After the DeSanto/DeMell-penned “Go Go Power,” easily one of Sugar Pie’s hottest soul pounders of all, failed to burn up the R&B hit parade at the end of 1966, Sugar Pie decided it was time to move on (she’d lived in Chicago during her time at Chess). “I just wanted to do my own thing,” she says. “Since I was kind of warm during the time, I said, ‘Let me go on and make my little money while I can.’”

Sugar Pie wasn’t without a label for long. Her driving “Get To Steppin’,” which she wrote with soul star Joe Simon, was issued in 1967 on Brunswick, which also pressed up her ‘68 encore “(That) Lovin’ Touch.” “He was a sweetheart. That old boy can sing!” says DeSanto of the mellifluous Simon. “I could see he was cool.” DeSanto’s next stop was Ron Carson’s Bay Area-based Soul Clock label, where she cut a self-penned “The Feelin’s Too Strong” in 1969 and “My Illusions” the next year.

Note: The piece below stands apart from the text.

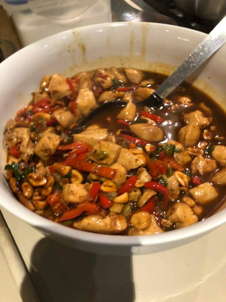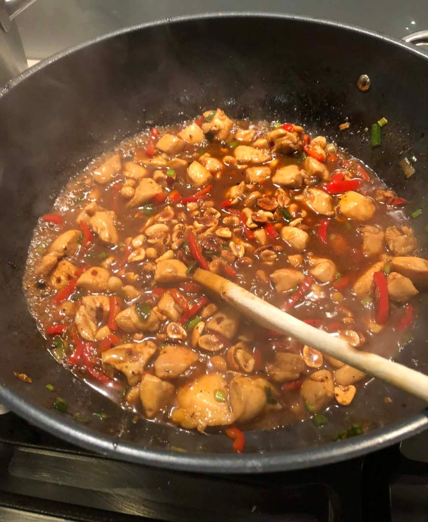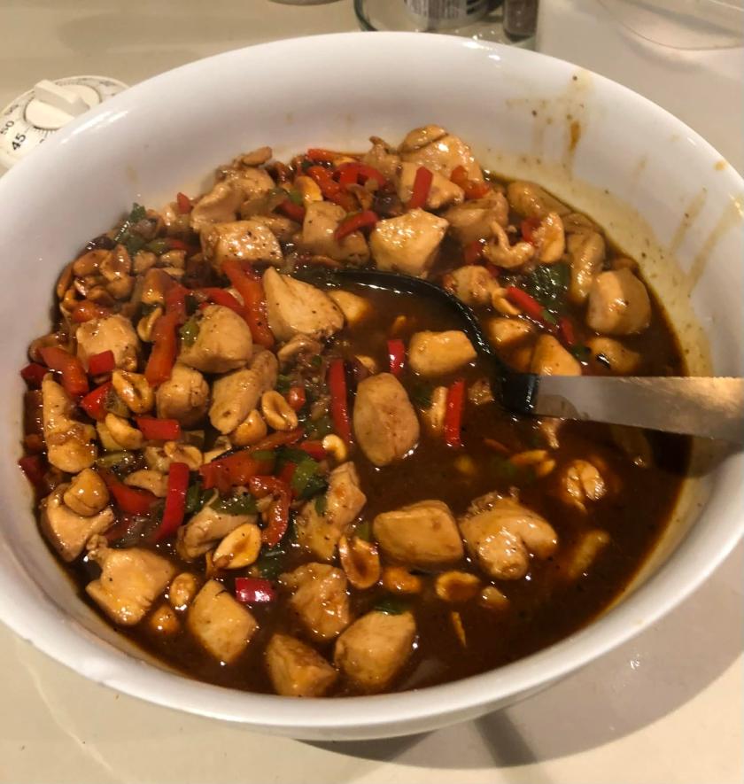C’est un plat sauté épicé à base de poulet mariné, de cacahuètes ou de noix de cajou, de divers légumes, de vin de Shaoxing et de piments. C’est devenu un classique de la cuisine du Sichuan, province du sud-ouest de la Chine. Dans cette région on utilise bien sûr le poivre du Sichuan. On le cuisine plus ou moins épicé selon les régions et selon on le sert à des orientaux ou des occidentaux. Ma version sera donc plutôt douce.

Jasman has been Sugar Pie’s recording home ever since then. Moore produced her two-part Geddins-penned “Hello San Francisco” in 1972, the logo issuing several followup 45s as well. Jasman has released a series of DeSanto albums: Hello, San Francisco in 1984, Sugar is Salty (1993), Classic Sugar Pie (1997), A Slice of Pie (1999), and Refined Sugar in 2006.

Sugar Pie is raring to get back onstage again. “I’m doing what I was born to do,” she says. “Hey, I’ll be around. With God’s help, I can still be kicking and going. I really miss my life. It’s not a joke. I miss it. But there’s nothing I could do. I got ill, so I do what the rest do–I try to get well.” She isn’t even ruling out bringing back her climactic and quite amazing scissor-lock stage move; she would leap at the waist of an unsuspecting fan feet first in mid-song, locking her legs around the startled male like a pro wrestler.

“I’m going on 83. I’ll do it in a minute. But the doctor told me, ‘Don’t do it!’” chuckles DeSanto, who took ballet lessons as a child. “I had the surgery on my back a couple of years ago, but still, that don’t stop me. If I feel good, I’m gonna do it!”